(Data entries)
■ ■ ■ ■ ■ ■ ■

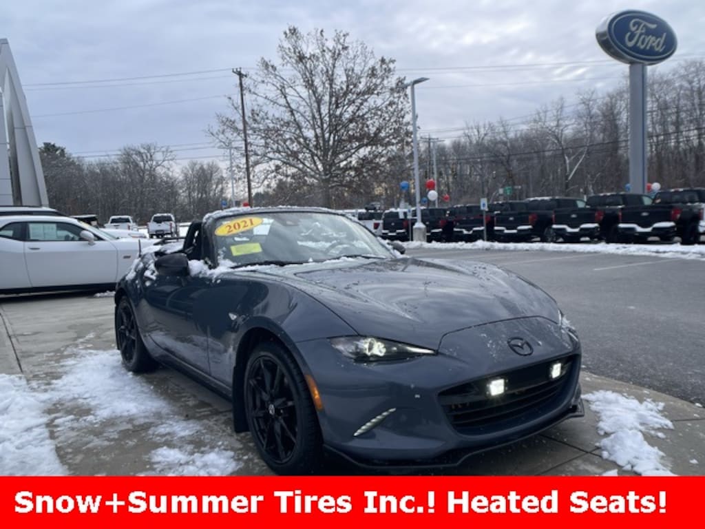 2021 Mazda MX-5 Miata Club Ford Blue Certified, Heated Seats, Rear View Back Up Camera, Blind Spot Information System, Lane Keeping Assist, 1 Owner Clean Carfax, Alloy wheels, Appearance Package, AppLink/Apple CarPlay and Android Auto, Brake assist, Brilliant Black Rear Bumper Skirt (PIO), Electronic Stability Control, Emergency communication system: MAZDA CONNECT, Exterior Parking Camera Rear, Glass rear window, Heated Front Bucket Seats, Heated front seats, MAZDA CONNECT Infotainment System, Outside temperature display, Panic alarm, Radio data system, Radio: Bose Audio System w/AudioPilot, Side Sill Extensions, Variably intermittent wipers, Wheel Locks, Wheels: 17" x 7" Metallic Black Aluminum Alloy.
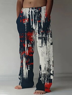 Муж. Абстракция Градиент цвета Штаны Мешковатые брюки Повседневные брюки Нормальная На каждый день на открытом воздухе Отпуск Эластичный шнурок на талии Брюки из льняной ткани с карманами Весна Осень
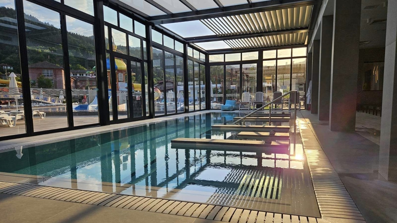 Вътрешен минерален басейн с гледка към планината
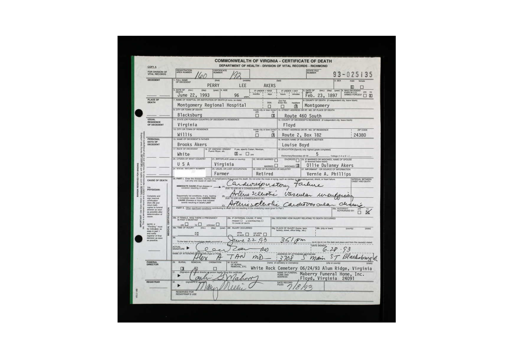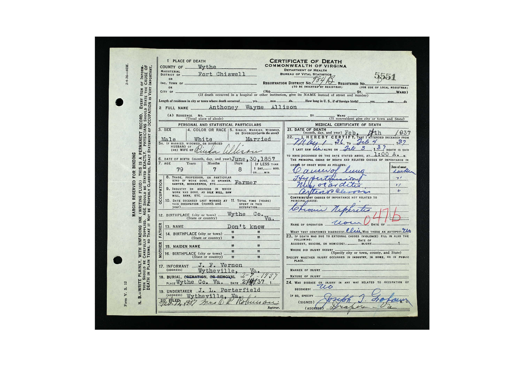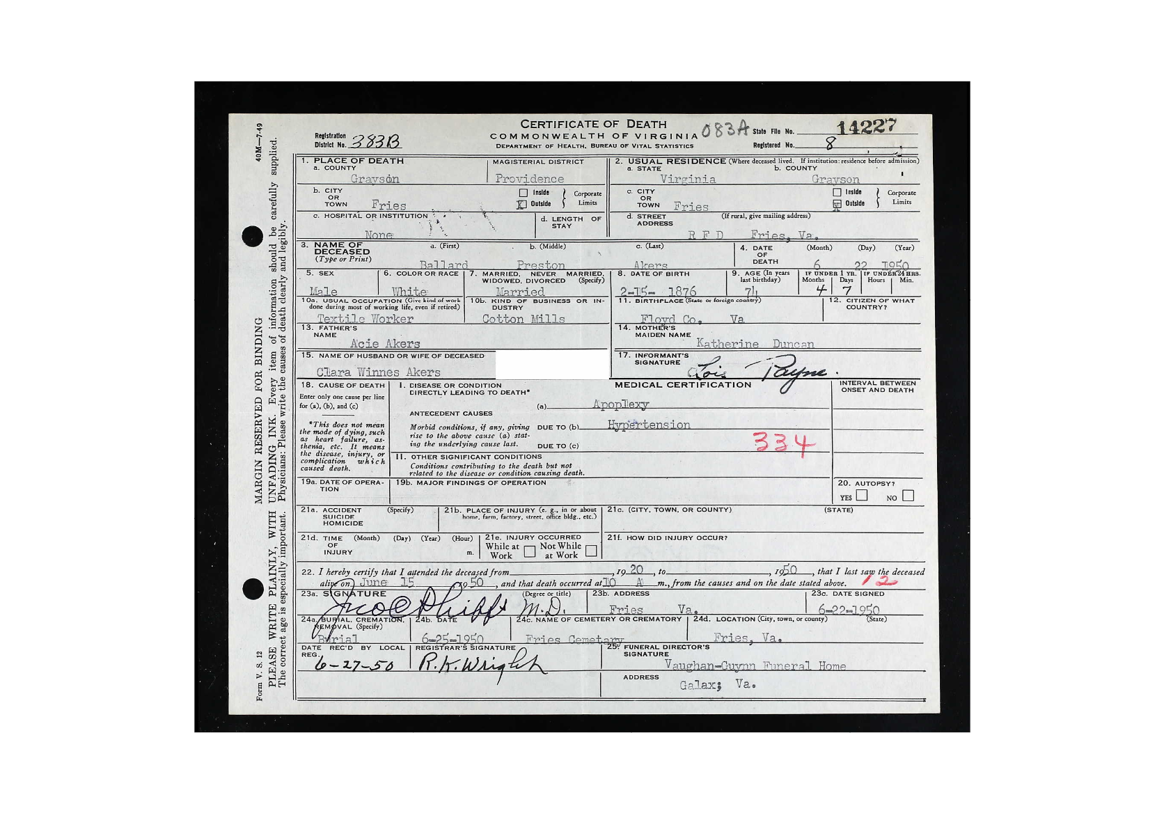 living. (does read Mary A.) Stella V. 9 yo daughter, b. Apr 1891 VA, parents b. VA, school. Maude V. 6 yo daughter, b. Feb 1894 VA, parents b. VA. James F. 2 yo son, b. Oct 1897 VA, parents b. VA. 1910 Residence: Giles Co., VA, Pearisburg District 21, H197: Akers, Wallace 41 yo w/m farmer, b. VA, parents b. VA, M1 20y, rents farm, HOH. (he can read & write) Minta A. 38 yo wife, b. VA, parents b. NC, M1 20y, 6 children with 6 living. Stella V. 19 yo single daughter, b. VA, parents b. VA. Maude V. 15 yo daughter, b. VA, parents b. VA. J. Fred 11 yo son, b. VA, parents b. VA, school. Claude 8 yo son, b. VA, parents b. VA, school. Jim 3 yo son, b. VA, parents b. VA. None 3/12 son, b. VA, parents b. VA. (i.e. not named?) 1920 Residence: Giles Co., VA, Pearisburg District 31, H113: Akers, J. Wallace 52 yo married w/m farmer, b. VA, parents b. VA, cannot read or write, owns, HOH. Mintie Alice 48 yo wife, b. VA, parents b. NC. William C. 19 yo single son, b. VA, parents b. VA. James B. 13 yo son, b. VA, parents b. VA, school. Posie M. 9 yo son, b. VA, parents b. VA, school. 1930 Residence: Giles Co., VA, Pearisburg District 6, H395: Akers, Wallace 64 yo w/m farmer, b. VA, parents b. VA, 22 yo when married, cannot read or write, HOH. Arminta A. 58 yo wife, b. Oct 1971 VA, parents b. NC, 19 yo when married. James B. 23 yo single son, b. VA, parents b. VA, farm laborer. Posie M. 20 yo son, b. VA, parents b. VA, farm laborer. 1940 Residence: Giles Co., VA, Pearisburg District 36-6, H222: Akers, James 72 yo w/m farmer, b. VA, completed G1, resided in same house 1935, owns, HOH. Mintie 69 yo wife, b. VA, completed G2, resided in same house 1935, housework. Posy 19 yo single son, b. VA, completed G4, resided in same house 1935, farm laborer. 1943 Death: 12-5-1943 rural Narrows, Pearisburg District, Giles Co., VA. James Wallace Akers, 76y 1m 18d married w/m farmer, b. Oct 17, 1866 Floyd Co., VA. Veteran: blank. Spouse: Mrs. J. A. Akers. Father: Mr. O. W. Akers, b. Floyd Co., VA. Mother: Harriet Lester, b. Franklin Co., VA. Informant: Mrs. Tom Ratliff of Narrows, VA. COD: carcinoma of prostrate 2 ½ years. Other: castration July 1942. Burial: Fairview Cem., Narrows, VA, Dec 7, 1943. 1943 Burial: Fairview Cemetery, Narrows, Giles Co., VA.
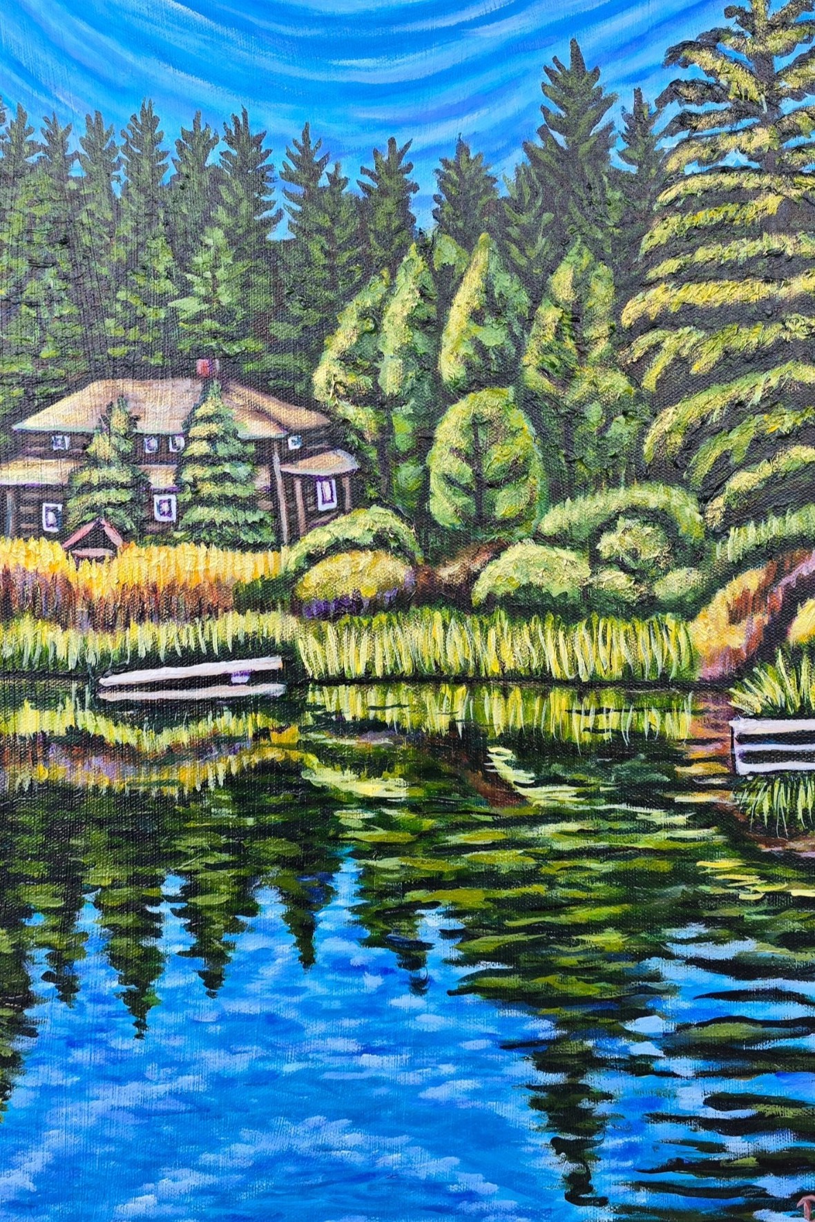 Acrylic on canvas 18×24 This painting is inspired by a small lake I came across on my travels up to Sun Peaks. I loved the reflection in the water and the log house in the forest.  I once lived in a log house in the forest for 25 years, though not by a lake. However, this scene reminded me of my time living in nature among the trees and wild life.

■ ■ ■ ■ ■ ■ ■

- Your instructions:
From the opening line of the entries above to the line that holds "Вътрешен минерален басейн", inclusive, reproduce each line exactly and omit any picture.

- Response below:
 2021 Mazda MX-5 Miata Club Ford Blue Certified, Heated Seats, Rear View Back Up Camera, Blind Spot Information System, Lane Keeping Assist, 1 Owner Clean Carfax, Alloy wheels, Appearance Package, AppLink/Apple CarPlay and Android Auto, Brake assist, Brilliant Black Rear Bumper Skirt (PIO), Electronic Stability Control, Emergency communication system: MAZDA CONNECT, Exterior Parking Camera Rear, Glass rear window, Heated Front Bucket Seats, Heated front seats, MAZDA CONNECT Infotainment System, Outside temperature display, Panic alarm, Radio data system, Radio: Bose Audio System w/AudioPilot, Side Sill Extensions, Variably intermittent wipers, Wheel Locks, Wheels: 17" x 7" Metallic Black Aluminum Alloy.
 Муж. Абстракция Градиент цвета Штаны Мешковатые брюки Повседневные брюки Нормальная На каждый день на открытом воздухе Отпуск Эластичный шнурок на талии Брюки из льняной ткани с карманами Весна Осень
 Вътрешен минерален басейн с гледка към планината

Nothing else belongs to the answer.